The corrective action for each test is as follows:

  • PortLookback test—When you enable this feature, the system moves the port registering faults to an error-disabled state.

Note This applies only to those modules that support the nondisruptive PortLoopbackTest feature.


  • RewriteEngineLookpback test—With this feature enabled, the system takes different corrective action depending on whether the fault is with the supervisor, the fabric, or the port, as follows:

On a chassis with a standby supervisor, when the system detects a fault with the supervisor, the system switches over to the standby supervisor with this feature enabled. If there is no standby supervisor in the chassis, the system does not take any action.

After failures on the fabric, the system will reload the fabric three times. If failure persists, the system powers down the fabric.

After the failures on a port, the system moves the faulty port to the error-disabled state with this feature enabled.

  • SnakeLoopback test—When you enable this feature and the test detects 10 consecutive failures, with any port on the module, the system will move the faulty port to an error-disabled state.
  • StandbyFabricLoopback test—The system attempts to reload the standby supervisor three times after it receives errors on this test. If the system cannot reload the standby supervisor, the system powers off the supervisor.

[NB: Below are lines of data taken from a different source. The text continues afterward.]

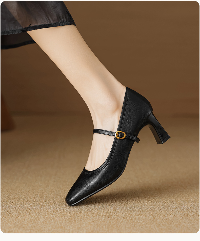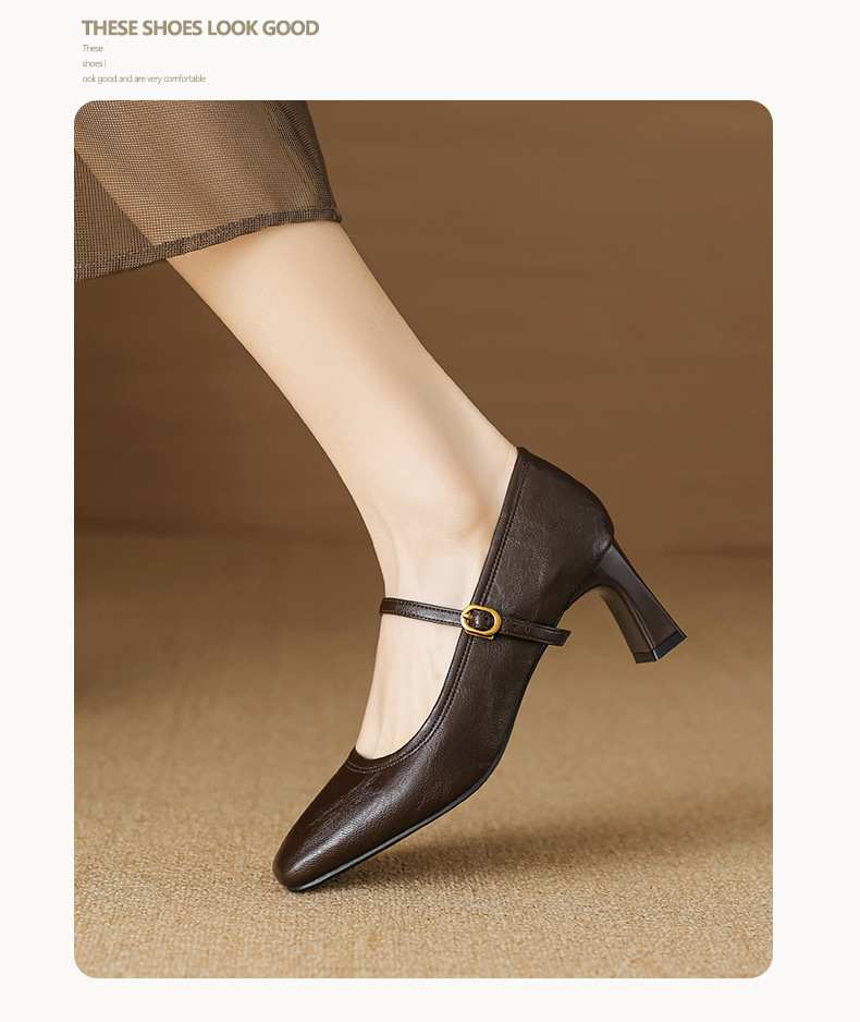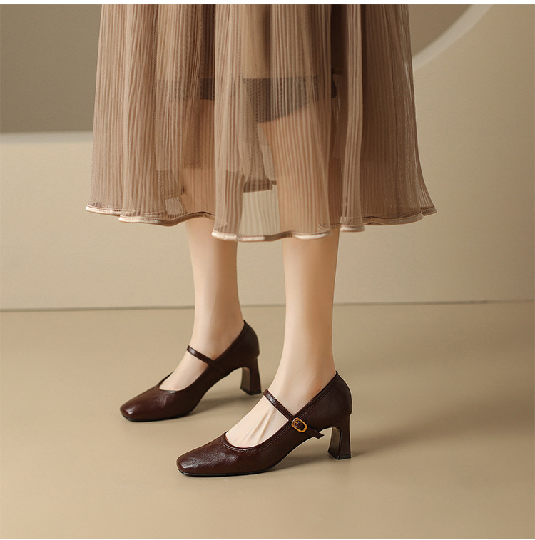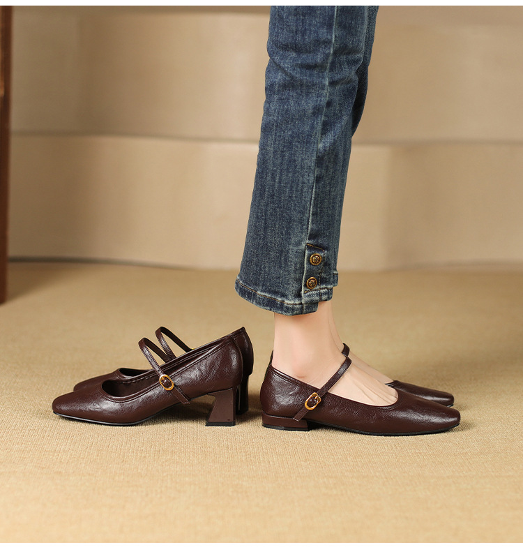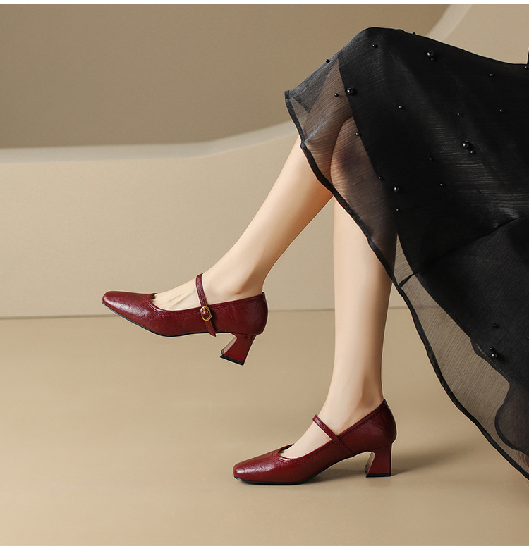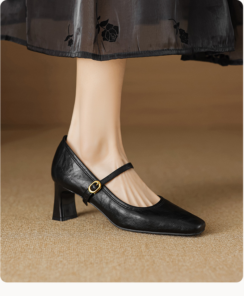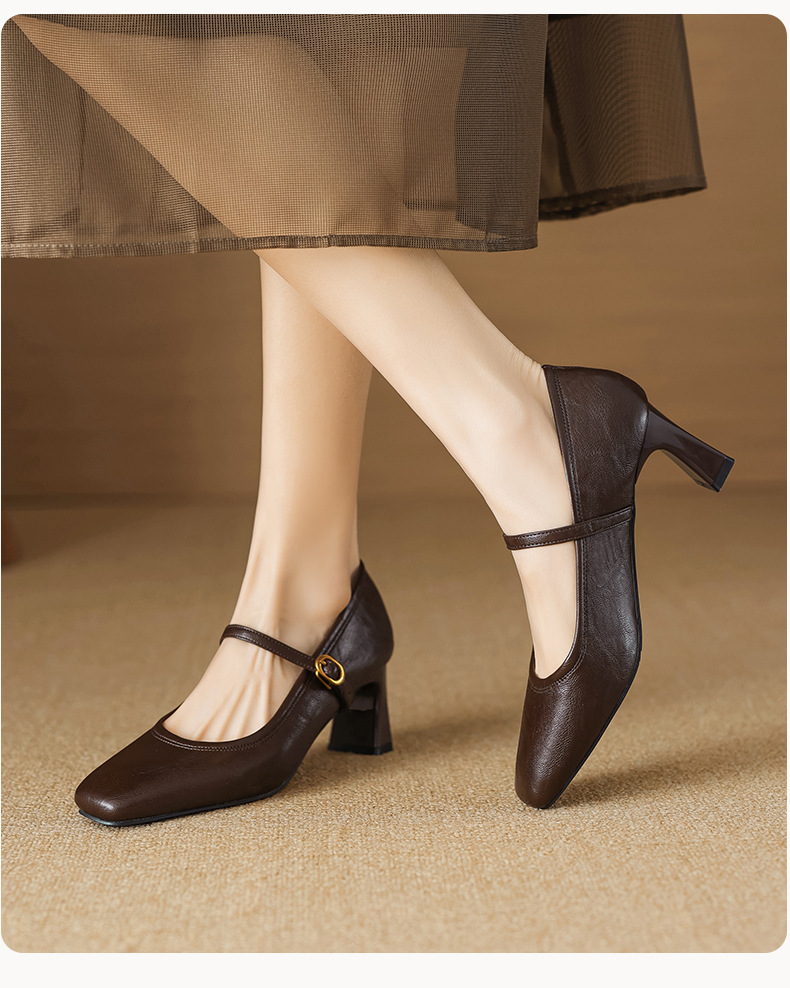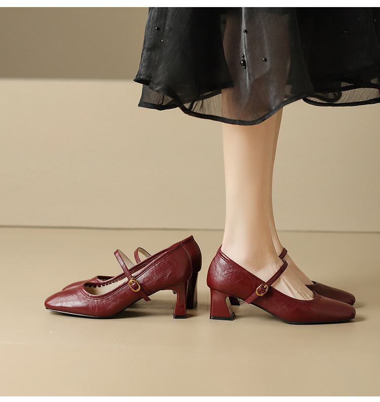 양가죽 ~ 프랑스 복고풍 블랙 하이힐 2025 봄 한 단어 통근 작업 두꺼운 힐 메리 제인 신발
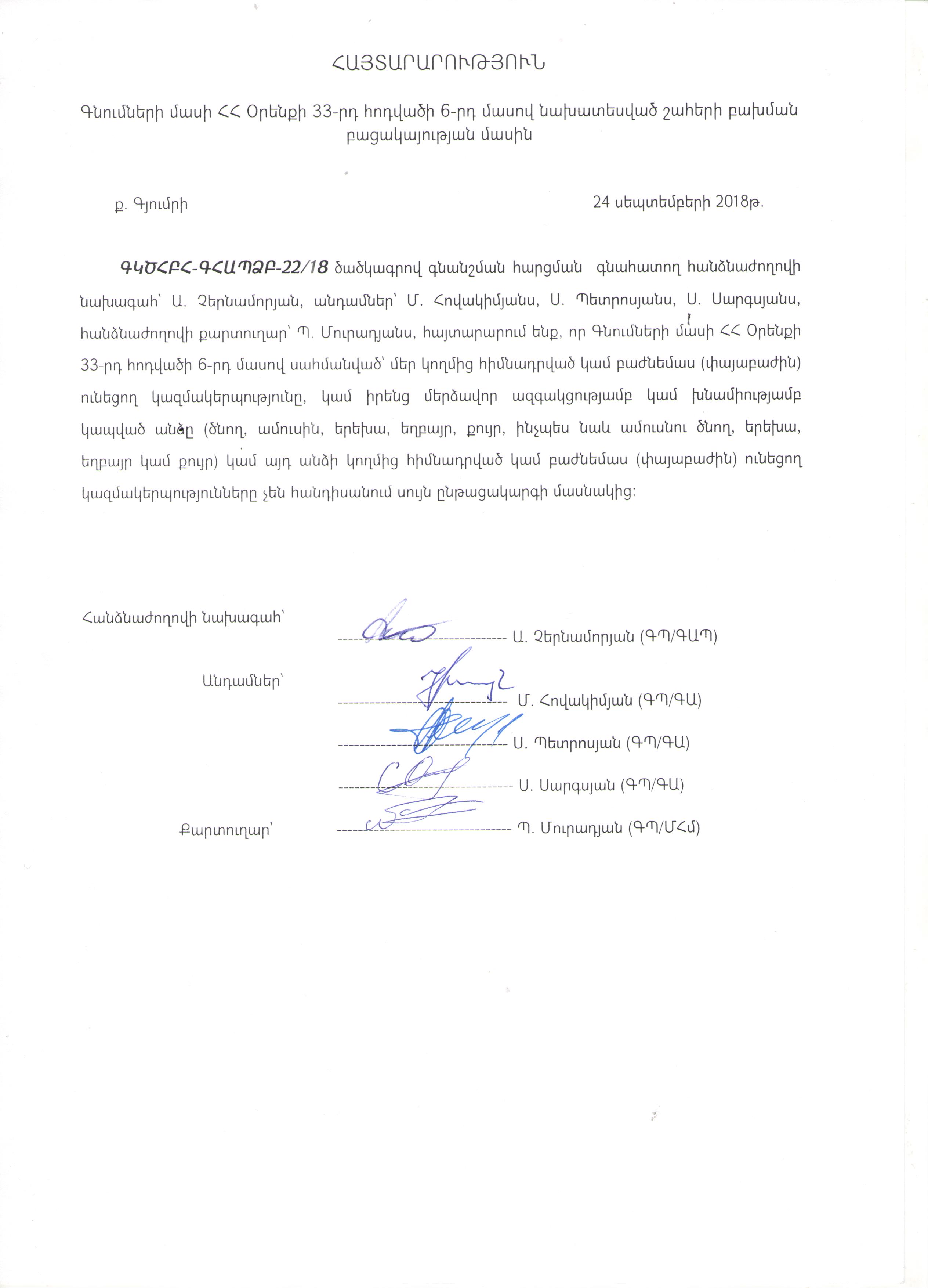 (Հրապարակված է 2018-09-25 10:07:54-ից անժամկետ)
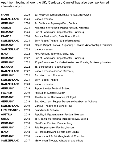 Puppetry movement and invention supported by a fantastic musical score, an exploration of the material of cardboard and a Lempen-
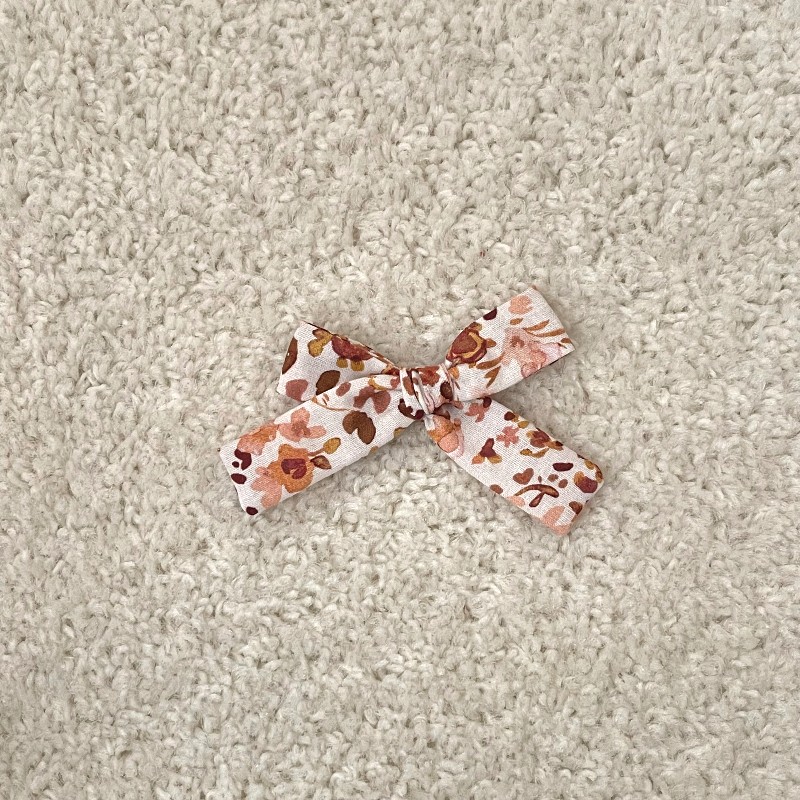 Le noeud noué est en coton avec des petites feuilles , il mesure environ 8 cm .
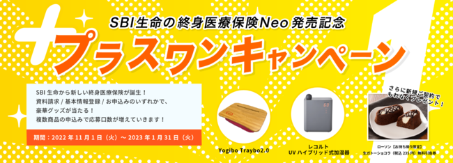 SBI生命は、2022年11月1日(火)より「SBI生命の終身医療保険Neo発売記念 プラスワンキャンペーン」を実施いたします。
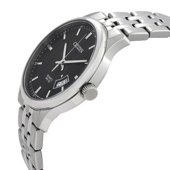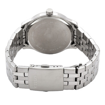 Silver-tone stainless steel case and bracelet. Fixed silver-tone bezel. Black dial with silver-tone hands and index hour markers. Dial Type: Analog. Date display at the 4 o'clock position. Quartz movement. Scratch resistant mineral crystal. Pull / push crown. Solid case back. Round case shape, case size: 40 mm. Deployment clasp. Water resistant at 50 meters / 165 feet. Functions: date, hour, minute, second. Citizen Quartz Black Dial Men's Watch BI1050-81E.

Finally, the system maintains a history of the recovery actions that includes details of each action, the testing type, and the severity. You can display these counters.

On-Demand Diagnostics

On-demand tests help localize faults and are usually needed in one of the following situations:

  • To respond to an event that has occurred, such as isolating a fault.
  • In anticipation of an event that may occur, such as a resource exceeding its utilization limit.

You can run all the health monitoring tests on demand.

You can schedule on-demand diagnostics to run immediately. See the “Starting or Stopping an On-Demand Diagnostic Test” section for more information.

You can also modify the default interval for a health monitoring test. See the “Activating a Diagnostic Test” section for more information.

High Availability

A key part of high availability is detecting hardware failures and taking corrective action while the device runs in a live network. Online diagnostics in high availability detect hardware failures and provide feedback to high availability software components to make switchover decisions.

Cisco NX-OS supports stateless restarts for online diagnostics. After a reboot or supervisor switchover, Cisco NX-OS applies the running configuration.

Virtualization Support

Cisco NX-OS supports online diagnostics in the default virtual device context (VDC) or, beginning with Cisco NX-OS Release 6.1, in the admin VDC. By default, Cisco NX-OS places you in the default VDC. See the Cisco Nexus 7000 Series NX-OS Virtual Device Context Configuration Guide for more information.

Online diagnostics are virtual routing and forwarding (VRF) aware. You can configure online diagnostics to use a particular VRF to reach the online diagnostics SMTP server.

Licensing Requirements for Online Diagnostics

 

Product
License Requirement

Cisco NX-OS

Online diagnostics require no license. Any feature not included in a license package is bundled with the Cisco NX-OS system images and is provided at no extra charge to you. For a complete explanation of the Cisco NX-OS licensing scheme, see the Cisco NX-OS Licensing Guide .

Prerequisites for Online Diagnostics

Online diagnostics have the following prerequisite:

  • If you configure VDCs, install the appropriate license and go to the VDC that you want to configure. See the Cisco Nexus 7000 Series NX-OS Virtual Device Context Configuration Guide for configuration information and the Cisco NX-OS Licensing Guide for licensing information.

Guidelines and Limitations

  • You cannot run disruptive online diagnostic tests on demand.
  • The F1 Series modules support the following tests: ASICRegisterCheck, PrimaryBootROM, SecondaryBootROM, EOBCPortLoopback, PortLoopback, and BootupPortLoopback.
  • Support for the RewriteEngineLoopback and SnakeLoopback tests on F1 Series modules is deprecated in Cisco NX-OS Release 5.2.
  • Beginning with Cisco NX-OS Release 6.1, F2 Series modules support the RewriteEngineLoopback and SnakeLoopback tests.

Default Settings

Table 13-3 lists the default settings for online diagnostic parameters.

 

Table 13-3 Default Online Diagnostic Parameters

Parameters
Default

Bootup diagnostics level

complete

Nondisruptive tests

active

Configuring Online Diagnostics

This section includes the following topics:


Note Be aware that the Cisco NX-OS commands for this feature may differ from those commands used in Cisco IOS.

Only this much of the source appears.